The exploits of my foray into the world of homebrewing were chronicled earlier. Last night was time to enjoy the fruits, or rather, beers, of my labor. Because my Crossroads ESB is quite a British-style ale, Half Pint & I decided it was time for another of our Beer Dinners and we'd basically only feature one style of beer! For our all-ESB dinner ("You can't do an entire pairing dinner only pouring one type of beer!" you say? I'll pick up that gauntlet) we went overboard with the Limey theme. Here's the menu for the 3-course, 7-ESB dinner:
Fuller's Extra Special Bitter (5.9% ABV, England) & AleSmith Anvil ESB (5.5%, San Diego, CA)
With finger or tea sand-wiches. I literally bought a loaf of white bread, cut the crusts off, and made the weirdest sandwiches that seemed English (shredded carrot and mayo, water chestnuts [since I couldn't find watercress] and butter w/ some garlic paste, English(!) cucumber and a sweet'n'sour carrot spread). I had to pour the Fuller's first--the benchmark of this style--to showcase what the brew is all about--a deceptively named middle-of-the-road mild, easy-drinking beer. I bought the Anvil at an AleSmith event during SF Beer Week and the owner, Peter Zien, signed my bottle. I hope it's not heresy to say I like the Yank version much better.
Sierra Nevada Early Spring Beer (5.9%, Chico, CA) and Elysian "The Wise" ESB (5.9%, Seattle, WA)
Cheese and biscuits. OK, crackers. But all the cheeses were imported from England including stilton and a 12-month cave-aged cheddar. Both the beers and cheeses were tip-top.
Anderson Valley Boont Extra Special Beer (6.5%, Boonville, CA) and Grand Teton Bitch Creek XX ESB (7.5%, Victor, ID)
Bangers & mash, shep-herd's pie, "salad," and crumpets. We whipped up a huge pot of mashed potatoes, which Half Pint made using a pale ale (yes, it's British) and it came out great. I grilled up some banger sausages with a bit of grilled onions and a brown gravy (from a packet, for extra authenticity). Our friends Chris and Carson brought the shepherd's pie. The salad consisted of just tomato and cucumber (English cucumber at that!) with olive oil and sea salt. And the crumpets, in lieu of a more traditional bread, were bought at the British import shop, "You Say Tomato."

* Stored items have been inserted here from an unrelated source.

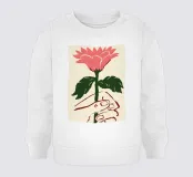 Illustrazione minimalista di una mano che tiene delicatamente un singolo grande fiore rosa. L'immagine simboleggia la fragilità, la bellezza e il legame con la natura.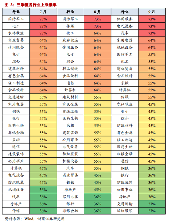 三季度,中报季自7月陆续开幕,一方面,各行业上涨概率整体较二季度提升;另一方面,横向比较,军工、化工、休闲服务等上涨概率居前。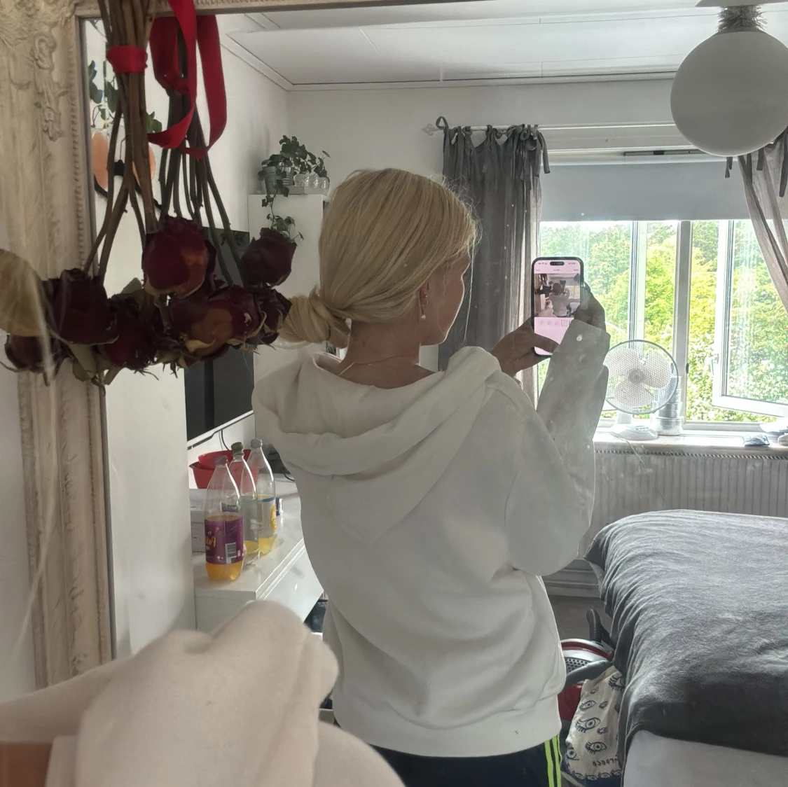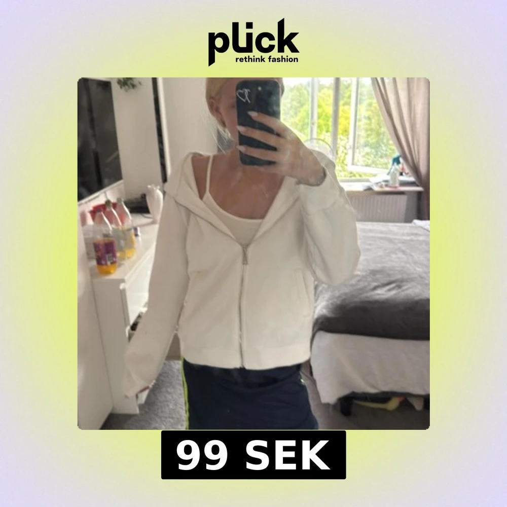Vit hoodiejacka med dragkedja framtill och stor huva. Jackan har en avslappnad passform och är tillverkad i mjukt bomullsmaterial. Perfekt för chill dagar eller när du vill ha en enkel och clean look. 💕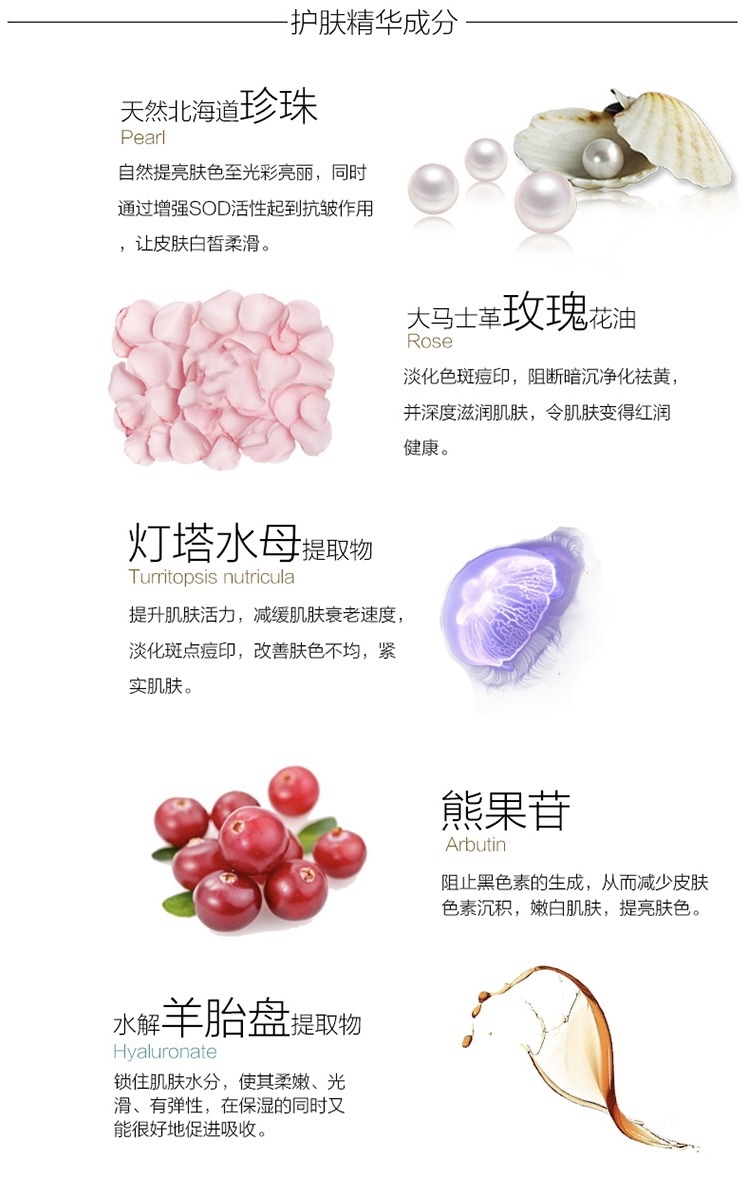 甘油、人参(Panax Ginseng)根提取物、水解珍珠、、解胎盘(羊)提取物、明质酸钠、熊果苷、水解胶原、角鲨烷、生育酚(维生素E)、羊毛脂、荟提取物、甘草(Glycyrrhiza Uralensis)提取物、水母提取物、玫瑰(Rosa Rugosa)花油等。

While the AVBC beer was the strongest ESB I found, and it's a winner, mate, the Grand Teton bottle was the crowd favorite for the night. Bitch Creek is one of my favorite ESBs of all time, but it stopped showing up here, even at BevMo. But a few months ago, one trip there yielded an incredible find. To celebrate Grand Teton's 20th anniversary, they made a series of XX beers including this "Double ESB." It's the same ingredients of the regular ESB, but doubled. To me, doubling a mild beer and calling it a Double ESB is like doubling pink and calling it Double Pink, when it's clearly red. Once I opened the wax-dipped 750-ml bottle, the beer poured a dark brown compared to an ESB's clear coppery color. By kicking up the malt bill, it tasted like a strong, nutty ale with blasts of toffee and rich caramel. It could be paired with any bold, meaty dish. Too bad I'll never see this beer again.
Our friends Joe and Alexia (just engaged!) brought shortbread cookies and some other British sweets that were basically Mallomars (my fave) with a spot of raspberry jam. And, unable to resist, I prepared a tin of spotted dick. Yeah, that's a real thing and it's actually quite nice--a sort of warm and buttery spice cake with currants and raisins, served with homemade whipped cream. And to drink? Why, my homebrewed ESB of course. No clue what the ABV is. I was just plum-relieved, dare I say delighted, that it came out well. Don't just take my word for it; everyone agreed. (Though the color was a bit paler than I'd hoped.) Chris brought over his first homebrew as well, a great Amber Ale. We each bought our kits at the same time and discovered at the same time we have a knack for...following directions.And there we have it. Bob's our uncle.